----- THE DATA -----
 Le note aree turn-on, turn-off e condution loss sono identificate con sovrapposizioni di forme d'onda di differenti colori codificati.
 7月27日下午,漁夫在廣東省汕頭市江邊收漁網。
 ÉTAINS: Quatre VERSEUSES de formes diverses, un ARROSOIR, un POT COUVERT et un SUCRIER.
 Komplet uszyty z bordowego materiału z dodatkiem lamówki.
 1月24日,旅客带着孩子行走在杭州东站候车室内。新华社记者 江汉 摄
-----
----- THE DATA -----
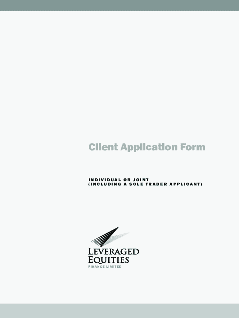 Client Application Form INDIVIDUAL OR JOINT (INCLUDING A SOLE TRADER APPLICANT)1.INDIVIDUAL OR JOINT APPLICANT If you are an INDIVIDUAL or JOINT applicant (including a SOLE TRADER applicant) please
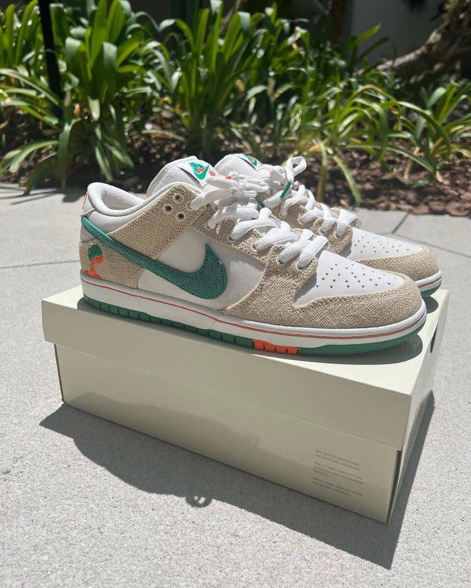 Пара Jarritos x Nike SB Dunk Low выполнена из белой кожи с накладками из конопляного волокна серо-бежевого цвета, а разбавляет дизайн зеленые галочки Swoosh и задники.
-----
What you write out is the stretch of entries from the line containing "Client Application Form" to the line containing "Пара Jarritos x", word for word, with both end lines and no pictures.

 Client Application Form INDIVIDUAL OR JOINT (INCLUDING A SOLE TRADER APPLICANT)1.INDIVIDUAL OR JOINT APPLICANT If you are an INDIVIDUAL or JOINT applicant (including a SOLE TRADER applicant) please
 Пара Jarritos x Nike SB Dunk Low выполнена из белой кожи с накладками из конопляного волокна серо-бежевого цвета, а разбавляет дизайн зеленые галочки Swoosh и задники.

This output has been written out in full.